- _Description of the task_:
With pictures left out, extract every line between the start of the records below and the line holding "Stork på campingpladsen", inclusive.

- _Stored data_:
================

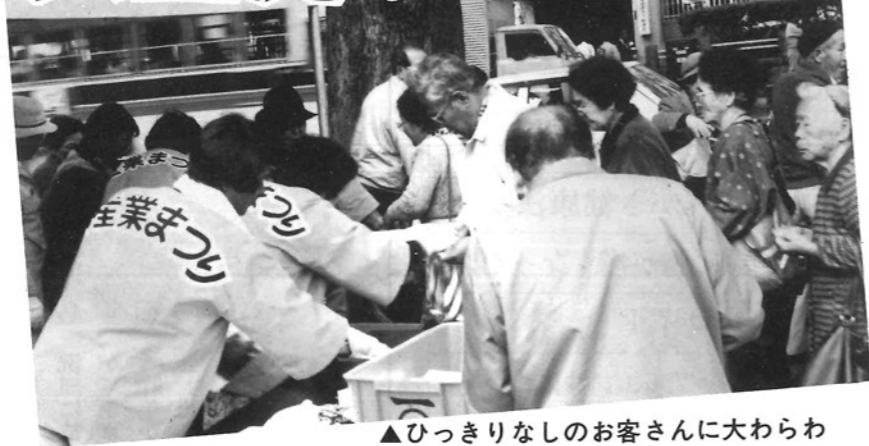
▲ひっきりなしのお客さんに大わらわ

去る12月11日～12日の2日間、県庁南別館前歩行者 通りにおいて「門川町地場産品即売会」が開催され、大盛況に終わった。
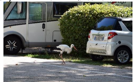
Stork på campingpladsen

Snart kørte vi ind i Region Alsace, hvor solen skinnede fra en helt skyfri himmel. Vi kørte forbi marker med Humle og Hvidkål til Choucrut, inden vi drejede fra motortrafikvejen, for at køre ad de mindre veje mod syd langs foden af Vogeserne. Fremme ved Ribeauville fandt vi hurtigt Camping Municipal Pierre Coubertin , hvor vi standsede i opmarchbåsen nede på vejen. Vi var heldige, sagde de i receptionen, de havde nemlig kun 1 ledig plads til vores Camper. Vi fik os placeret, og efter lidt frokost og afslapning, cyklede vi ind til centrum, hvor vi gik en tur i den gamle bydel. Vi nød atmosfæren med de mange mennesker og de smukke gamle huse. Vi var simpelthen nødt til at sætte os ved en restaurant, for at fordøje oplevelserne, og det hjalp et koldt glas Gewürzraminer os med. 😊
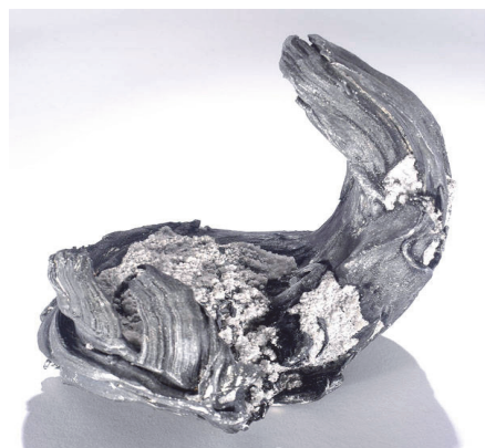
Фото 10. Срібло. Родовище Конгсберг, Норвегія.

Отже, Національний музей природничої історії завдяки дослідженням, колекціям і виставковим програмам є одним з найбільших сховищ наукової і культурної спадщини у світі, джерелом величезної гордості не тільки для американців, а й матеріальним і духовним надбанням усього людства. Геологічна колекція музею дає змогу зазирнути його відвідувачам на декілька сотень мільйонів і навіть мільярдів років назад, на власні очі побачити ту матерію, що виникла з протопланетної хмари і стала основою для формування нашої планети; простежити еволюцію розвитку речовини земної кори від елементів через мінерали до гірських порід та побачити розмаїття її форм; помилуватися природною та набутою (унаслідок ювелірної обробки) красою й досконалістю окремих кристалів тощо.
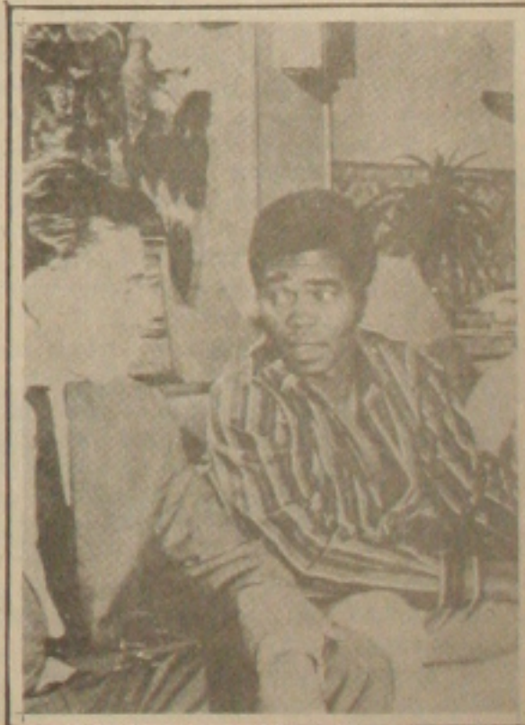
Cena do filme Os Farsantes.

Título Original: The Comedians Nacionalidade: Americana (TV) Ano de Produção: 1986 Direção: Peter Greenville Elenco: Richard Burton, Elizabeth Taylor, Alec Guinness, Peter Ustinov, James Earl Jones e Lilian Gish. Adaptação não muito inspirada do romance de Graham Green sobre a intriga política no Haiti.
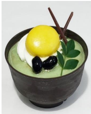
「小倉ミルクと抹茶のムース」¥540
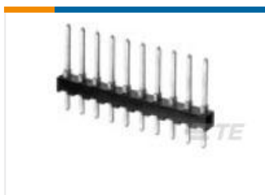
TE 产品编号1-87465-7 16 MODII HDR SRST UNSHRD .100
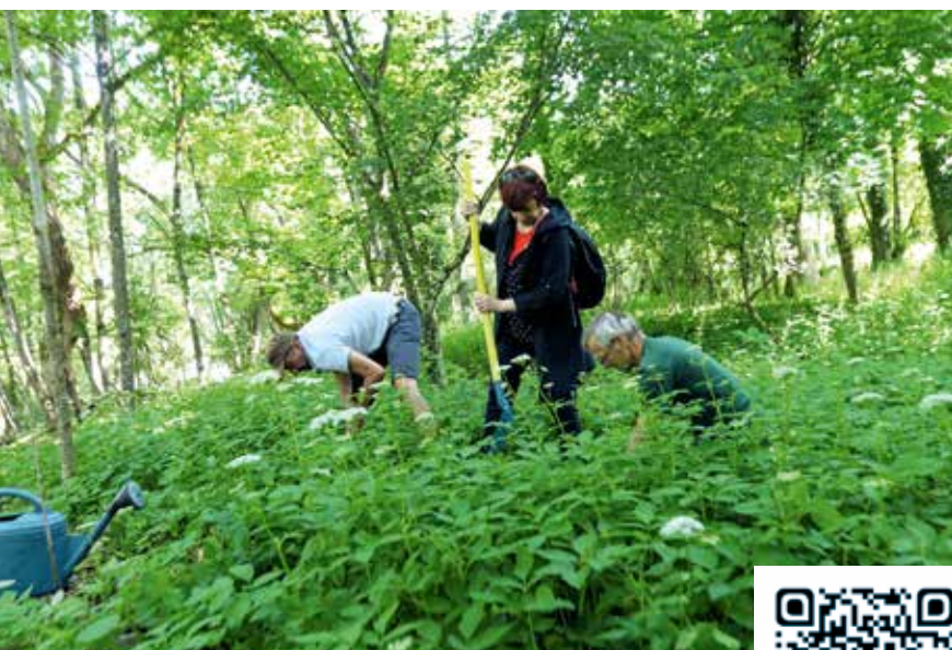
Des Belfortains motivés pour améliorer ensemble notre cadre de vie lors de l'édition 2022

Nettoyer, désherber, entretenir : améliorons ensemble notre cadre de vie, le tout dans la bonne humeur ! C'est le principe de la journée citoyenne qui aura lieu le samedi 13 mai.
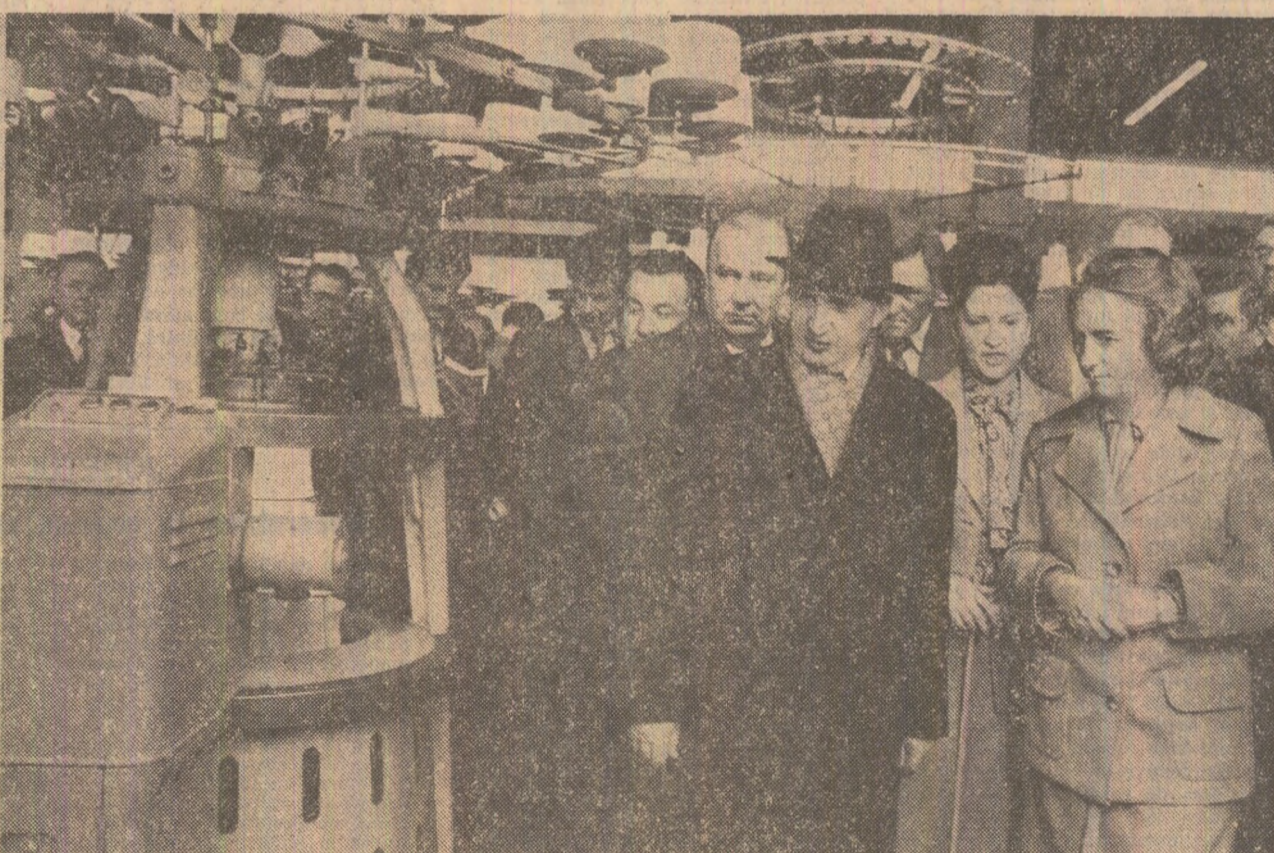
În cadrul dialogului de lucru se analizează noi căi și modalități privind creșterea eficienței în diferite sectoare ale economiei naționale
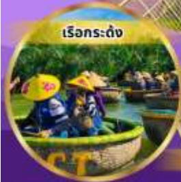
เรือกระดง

================

- _Response_:
▲ひっきりなしのお客さんに大わらわ

去る12月11日～12日の2日間、県庁南別館前歩行者 通りにおいて「門川町地場産品即売会」が開催され、大盛況に終わった。
Stork på campingpladsen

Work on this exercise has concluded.